Work task — In your copy, leave out the pictures; write out all the data exactly.

[Opening Collected data section]

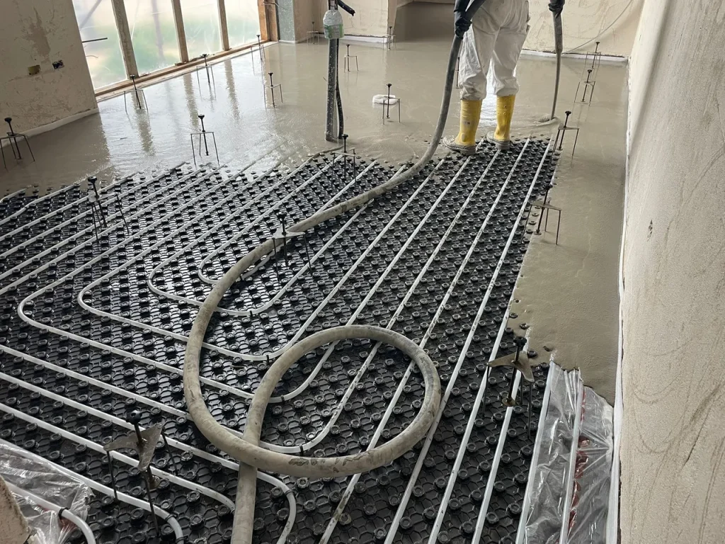 Realizzazione massetto autolivellante su impianto radiante a pavimento
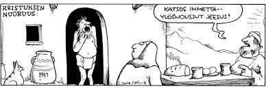 Jeesuksen ylösnouseminen se vasta ihme onkin, kuten alla olevasta Jarlan Fingerpori-stripistä ilmenee. Ainakin omilla pojillani se näin yleensä tahtoi olla.
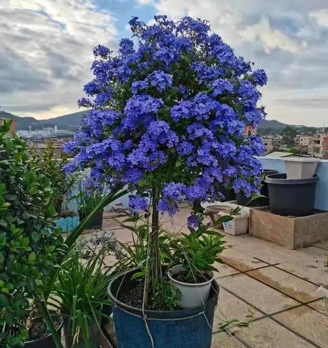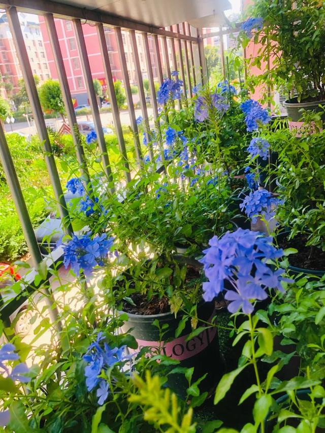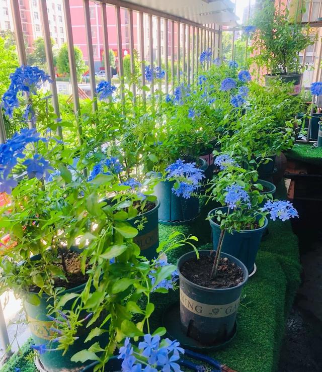 如今大大小小也有十四盆蓝雪花了,我把它们像珍宝一样地放在一个露出来的阳台里,满满当当郁郁葱葱。
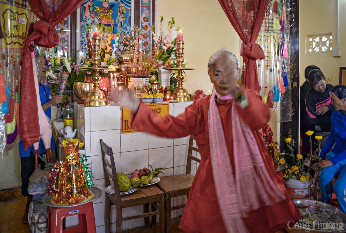 | Hầu hết các phần “lễ” đều diễn ra trong miếu với nhiều nghi thức tín ngưỡng, trong đó có hình thức “múa bóng” hiện nay ít người còn thực hành |

[Closing Collected data section]

Response area —
 Realizzazione massetto autolivellante su impianto radiante a pavimento
 Jeesuksen ylösnouseminen se vasta ihme onkin, kuten alla olevasta Jarlan Fingerpori-stripistä ilmenee. Ainakin omilla pojillani se näin yleensä tahtoi olla.
 如今大大小小也有十四盆蓝雪花了,我把它们像珍宝一样地放在一个露出来的阳台里,满满当当郁郁葱葱。
 | Hầu hết các phần “lễ” đều diễn ra trong miếu với nhiều nghi thức tín ngưỡng, trong đó có hình thức “múa bóng” hiện nay ít người còn thực hành |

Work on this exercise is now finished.